As a test of that proposition, I recently improved a shining hour or four by translating section 5 of the XPath 1.0 spec into Alloy, the modeling tool developed by Daniel Jackson and others in the MIT Software Design Group. (I would describe Alloy briefly here, but I’ve written about Alloy often enough in this blog that I won’t describe it again now; regular readers of this blog will already know about it, and those who don’t can search the Web for information, or search this blog for what I’ve said about it before.)

The full Alloy model of XPath 1.0 is available from the Black Mesa Technologies web site. It will be of most interest, of course, for those familiar with Alloy, or wanting to learn more about it. But Alloy’s formalism is simple enough that anyone with a taste for formal methods will find it easy going, and the document paraphrases all the important things in English prose.

The net result, I think, is that there are (unsurprisingly) some places where the definition of the XPath 1.0 data model could or should be more explicit, and a few places where it seems a rule or two given explicitly is strictly speaking redundant, but by and large the definition is pretty clean and seems to mean what its creators meant it to mean. By and large, the definition of the data model is formulated without reliance on the XML spec (there are a few places where this separation could be cleaner), so that the informality of the XML spec (or what I prefer to think of as its programmatic promiscuity regarding models) does not in fact make it hard to formalize the XPath 1.0 data model.

In the current version, there are a couple of rough bits that I hope to sand down before I use this model in any other contexts. The ones I’m currently aware of are these:

  • The definition of the parent relation does not require that whenever parent(c,p) is true, either child(p,c) or attribute(p,c) is true. The XPath 1.0 spec doesn’t say this explicitly, but I think its authors probably felt that it would be pedantic to say something like that for a relation with a name like parent.
  • Similarly, the relations parent and ch are not guaranteed acyclic, though I think the original spec assumes that the names parent and child make clear that the relations should be acyclic. (But see the song “I’m my own Grandpa” and the Alloy models illustrating it, developed in Daniel Jackson’s Software Abstractions and shipped with Alloy in the samples directory.)
  • The predicate precedes intended to model document order is defined recursively; this is not legal in Alloy.

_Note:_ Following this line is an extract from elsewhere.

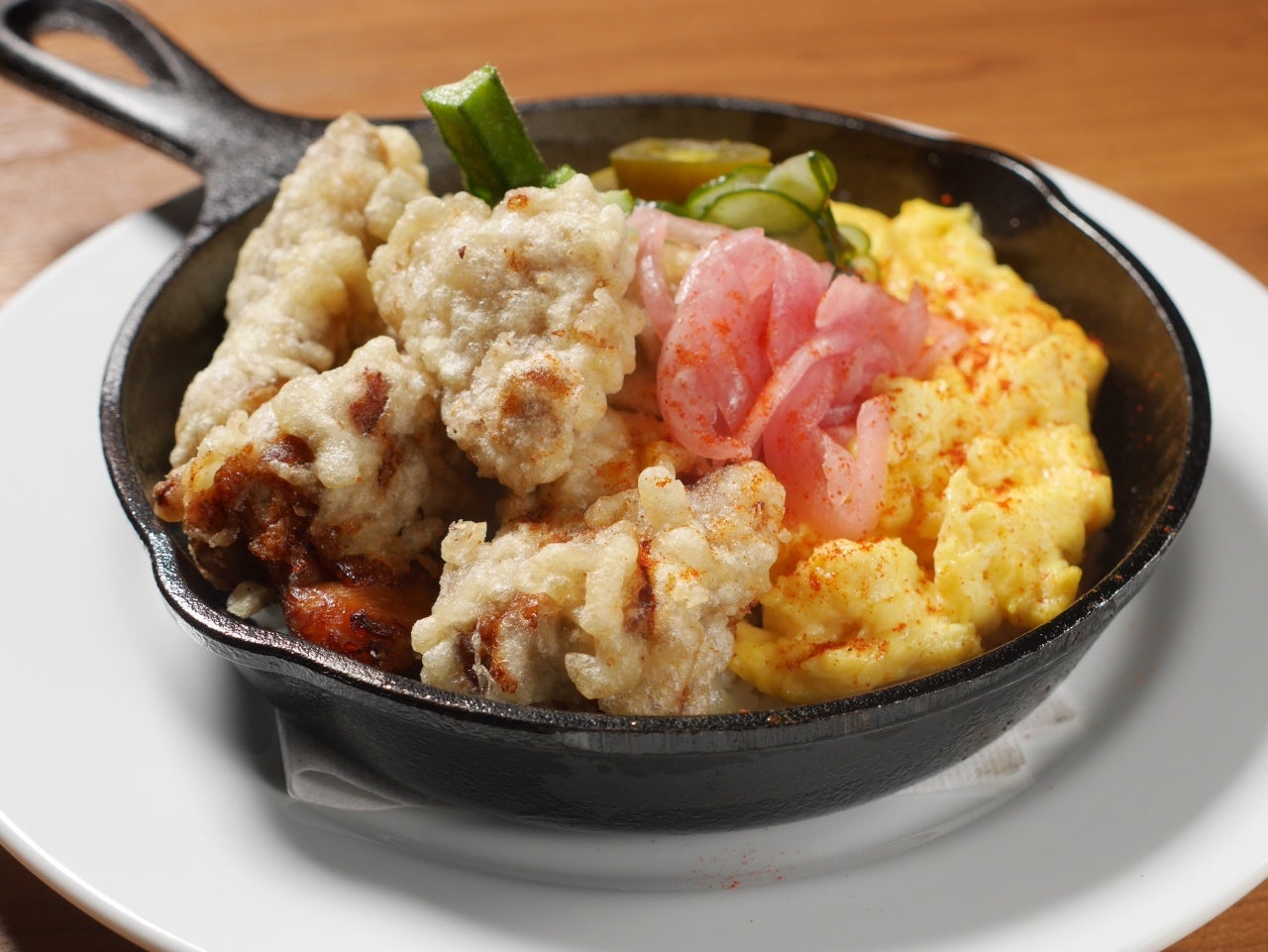 コンフレークの衣をまとったフレンチトーストに、黒ゴマ入りのメープルシロップ、ベーコンとアイスクリームをのせ、甘じょっぱさがクセになるKoko Head cafeの看板メニュー。シェフのリー・アンが幼い頃に食べていたハンバーガーチェーン店のフレンチトーストをヒントに考案。

So a conventional relation on nodes will need to be defined instead, with appropriate constraints. It is still not clear whether the rules given in the spec suffice to make the order total (at least in the absence of multiply occurring children); if they don’t, I’d like to propose an additional predicate which has that effect.

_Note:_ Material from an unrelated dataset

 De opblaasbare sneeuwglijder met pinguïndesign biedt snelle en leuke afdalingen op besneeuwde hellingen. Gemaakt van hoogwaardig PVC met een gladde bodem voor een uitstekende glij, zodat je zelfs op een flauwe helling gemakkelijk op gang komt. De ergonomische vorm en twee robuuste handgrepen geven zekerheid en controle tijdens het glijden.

Two, four, three, who’s counting?

January 25th, 2010

[25 January 2010; correct botched formulation, 26 January]

The XPath 1.0 puzzle introduced and discussed in earlier posts continues to occupy some of my thoughts. Consider the document which can be written

  <a><b/><b/><b/></a>

The central question is this: given an instance of the XPath 1.0 data model corresponding to this document (or to any equivalent document), how many element nodes are present in the instance?

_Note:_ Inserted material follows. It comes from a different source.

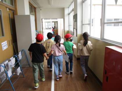 去年,自分たちが学校を探検した時のことを思い出しながら,1年生を優しくエスコートし,8つの部屋を回りました。

It turns out that not only are the answers four and two both consistent (as far as I can tell) with the definition of the XPath 1.0 data model, but that other answers are possible as well. Well, another answer.

Consider the document

<!DOCTYPE a [
<!ELEMENT a ANY>
<!ELEMENT b ANY>
<!ENTITY b '<b/>' >
]>
<a>&b;&b;<b/></a>

This is not the same serial-form XML document as the one at the top of the page, and the data-model equivalent is not necessarily the same, either, I think. But they both have a document element of type ’a’, whose ordered list of children has length three, with each child being of type ‘b’.

If we take token as denoting some physical object, marks on paper or some other way of writing a character type (here, pixels on screens, magnetic fields on suitable media, or optical effects on other media), which I am told is its proper meaning as it was introduced by Peirce, then here there appear to me to be three string tokens matching the element production (one ‘a’ and two ‘b’s), not four and not two, and thus three element nodes in the data model, not four and not two.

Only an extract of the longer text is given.